Que responde don Tirso:
    •    Agua solamente los gueyes, por ahí tengo un poquito de caña, sírveles una copita.

La señora la sirvió y nos dijo don Tirso:
    •    Salucita, porque a lo mejor, como dice la canción: En el último trago nos vamos.

Al tomarla don Tirso, lo atacó una tos muy fuerte, su señora le daba golpes en la espalda, el pobre viejito sacaba los ojos como de burro, se puso como camote morado, las venas del cuello parecían que se le reventaban; después del susto comimos unos frijolitos de olla y unas tortillas con chile, cuando terminamos don Tirso prendió una colilla de cigarro, y soltaba el humo lentamente, como si sus pensamientos estaban en otro lado y nos platicó:
    •    Hace muchos años, fui contratista de la mina de Santa Ana y ganaba un chingo de pesos pero el alcohol y las viejas me dejaron en la calle, Teníamos dos hijos, fuertes y sanos, Juan de 20 años, y Mario de 18, ellos querían estudiar, pero los metí a la mina en contra de su voluntad. Al cabo del tiempo se acostumbraron y les gustó, ya ven como dicen: “la mina nos da en la madre, pero nos encariñamos con ella” en una ocasión tuvieron un accidente, se encampanó la carga y como ellos estaban en las ruinas, Mario se subió a poner una fajilla con dinamita, pero al bajar le cayó una piedra en el cuello que lo dejó inmovilizado, Juanito al ver a su hermano se subió a ayudarlo, en esos momentos tronó la dinamita y los hizo cachos. Desde entonces, yo me siento culpable por meterlos a huevo a la mina sabiendo que está llena de peligros. Para mí fue la muerte, quise dejar la bebida pero no pude, luego para acabarla de chingar se murió un sobrinito que también era minero, estaba en un vaciadero.

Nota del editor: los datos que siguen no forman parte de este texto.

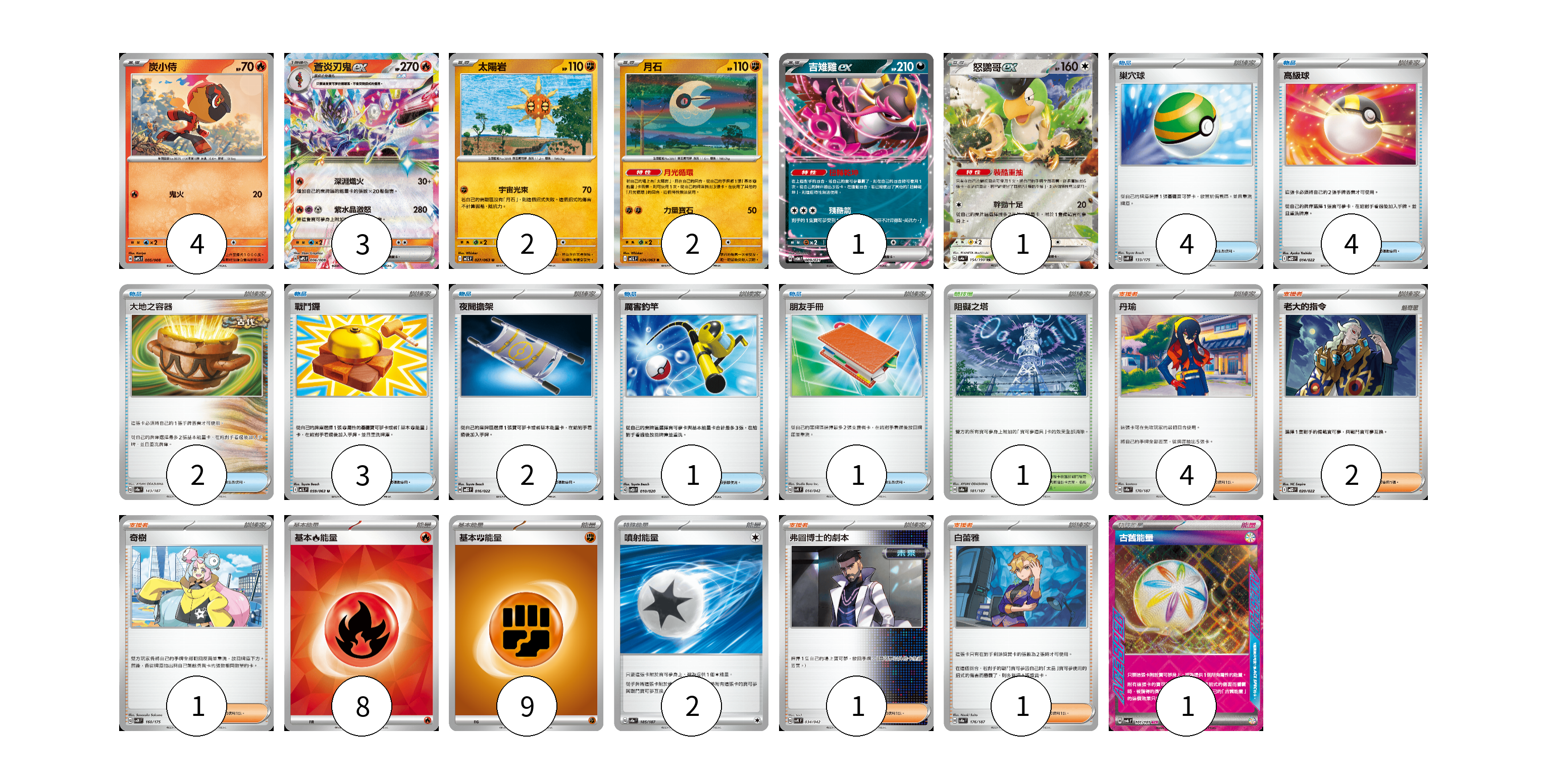 牌組構築方案 以此牌組為基礎新構築牌組 顯示卡面 顯示列表 寶可夢卡(13) 4 3 2 2 1 1 物品卡(17) 4 4 2 3 2 1 1 支援者卡(9) 4 2 1 1 1 競技場卡(1) 1 能量卡(20) 8 9 2 1 寶可夢卡(13) 卡牌名稱 張數 卡牌名稱 張數 炭小侍 SVPS 005/008 04 蒼炎刃鬼ex SVPS 006/008 03 太陽岩 M1L 027/063 02 月石 M1L 026/063 02 吉雉雞ex SVOM 009/021 01 怒鸚哥ex SV4a 154/190 01 物品卡(17) 卡牌名稱 張數 卡牌名稱 張數 巢穴球 SVM 133/175 04 高級球 MBD 014/022 04 大地之容器 SV8a 143/187 02 戰鬥鑼 M1L 059/063 03 夜間擔架 MBD 016/022 02 厲害釣竿 SVOD 010/020 01 朋友手冊 SVK 014/042 01 支援者卡(9) 卡牌名稱 張數 卡牌名稱 張數 丹瑜 SV8a 170/187 04 老大的指令 MBD 020/022 02 奇樹 SVM 160/175 01 弗圖博士的劇本 SVK 034/042 01 白蕾雅 SV8a 176/187 01 競技場卡(1) 卡牌名稱 張數 卡牌名稱 張數 阻礙之塔 SV8a 181/187 01 能量卡(20) 卡牌名稱 張數 卡牌名稱 張數 基本【火】能量 SVQL FIR 08 基本【鬥】能量 SVTG FIG 09 噴射能量 SV8a 185/187 02 古舊能量 SV6 101/101 01 以此牌組為基礎新構築牌組 牌組編碼 IIXhic-AUxKOp-gKzmGU copy 列印牌組單 牌組編碼已複製 分享至SNS

Los ojos del viejo se llenaron de lágrimas.
    •    Vieja, enséñales la foto de mis hijos.

La señora, con mucho cuidado sacó de un cajón y entre varios papeles, una fotografía envuelta con un listón negro con cara de gusto y ternura, les dio un beso y nos dijo:
    •    Estos son mis hijitos, para mí están vivos, porque siempre los traigo en el pensamiento, me hice a la idea de que mis hijos se fueron a estudiar a donde querían, lejos de aquí, ahora son doctores y pronto los voy a ver para que nos curen.

Eran dos jovencitos sonrientes; al entregarle la fotografía, la señora la volvió a guardar con el mismo cariño de cuando la sacó.
Fue tanta la tristeza que sentimos que al “Cuervo” y a mí se nos salieron las lagrimas y mejor tocamos retirada.
    •    Ya nos vamos maestro, cuídense mucho y si se les ofrece algo, aquí estamos para ayudarlos.

Don Tirso con trabajo se levantó y estrechándonos las manos, dijo:
    •    Muchas gracias, por acordarse de este viejo.

SalImos de ahí, callados.
Al día siguiente nos avisaron que el maestro Tirso había muerto, lo acompañamos en el velorio e hicimos cooperacha entre los cuates, para enterrarlo como merecía, porque la compañía solo les regala un cajón que hacen los carpinteros, de la hacienda de Loreto, y lo demás lo pagan los familiares.